We had several bushels of apples freeze---temps stayed cold. We slow thawed them and made apple juice - 242 quarts this year. I think the freezing breaks down the cell wall and increases yield. The juice is very good. The pulp could have gone to the livestock, but I think it went out to for the deer. As far as dehydrating, that should work fine. 10 trays on my dehydrator makes about 3 gallons of dried chips. Dried can be reconstituted and used to make pies and crisps. (although I've never tried it). SO you still have a winter food supply, just not in the same form.


----------



## okiemom (May 12, 2002)

applesauce? slice and make apple pie filling?


----------



## 7thswan (Nov 18, 2008)

I do not know how you can dehydrate them.

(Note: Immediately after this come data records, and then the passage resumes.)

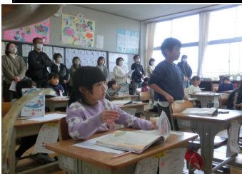
《1年:ともだちのこと》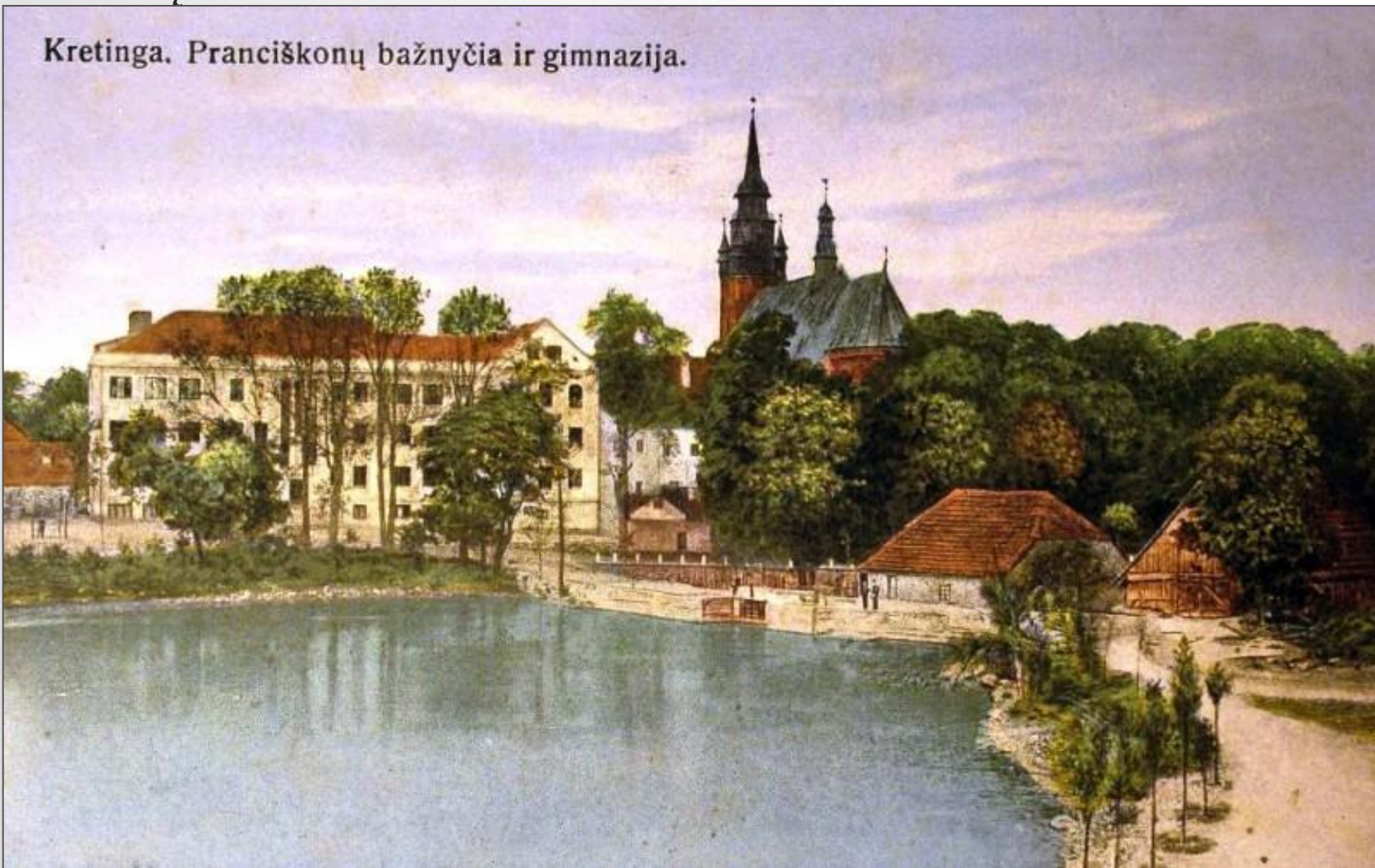
Kretinga. Pranciškonų bažnyčia ir gimnazija.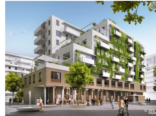
SEEPARQ Aspern Nachhaltiges, urbanes Wohnen in Wien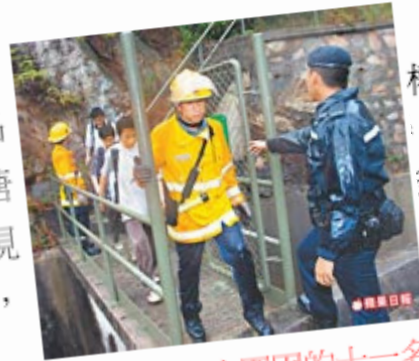
行山遭洪水圍困的十一名師生由消防員救離險境。

【本報訊】天文台昨午發出雷暴警告，本港大部份地區下雷雨，屯門一間中學兩名教師，帶同九名學生行山，行經黃泥墩水塘附近山澗，遇山洪暴發並遭圍困，一度出現險情。消防員到場拯救，將他們救離險境，其中一名學生擦傷手送院。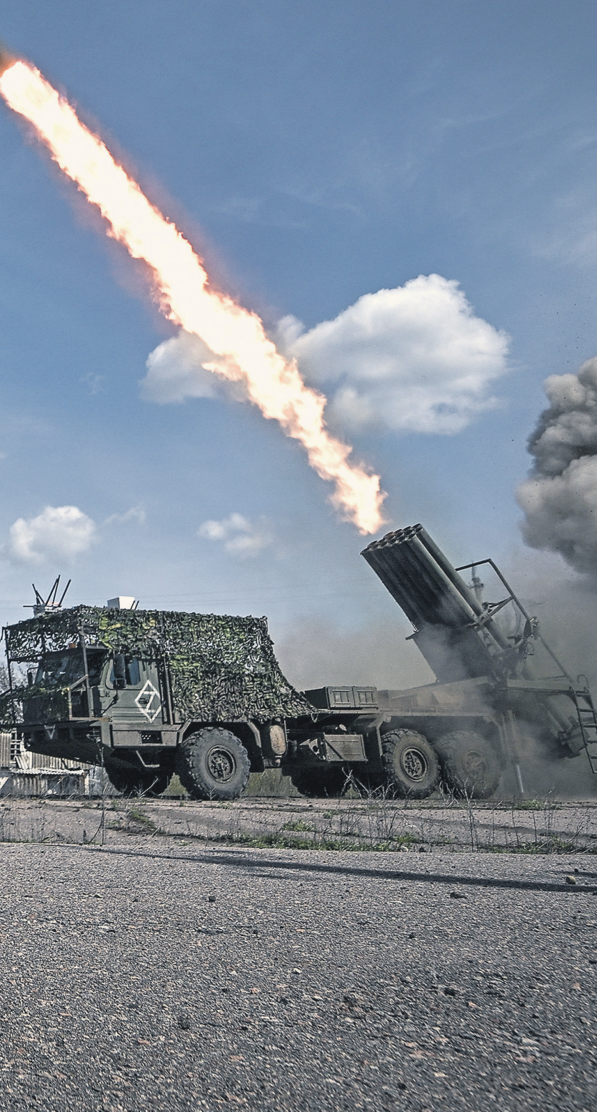
Сергей Федосеев / РИА Новости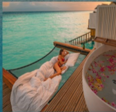
Hammock & Bath tub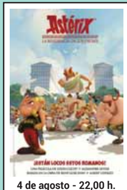
4 de agosto - 22,00 h.

Mine also froze and they are mush. Sause or juice is all I can do with mine. I have enough,so they are staying frozen for the rabbits.


----------



## 7thswan (Nov 18, 2008)

I take that back, make apple rollups. Plain or apple pie spice.


----------



## organicfarmer (May 11, 2002)

Thank you for your kind respnes. I'll let you know how it goes.


----------



## Chixarecute (Nov 19, 2004)

Maybe it depends on the type of apple? The ones we had that froze were all "winter keeper" type apples. We did dehydrate Prairie Spy and NW Greenings that had frozen and they turned out great. I think if the temp fluctuates a lot above and below freezing it wouldn't be good on the apples. When ours froze the temps were pretty stable.


----------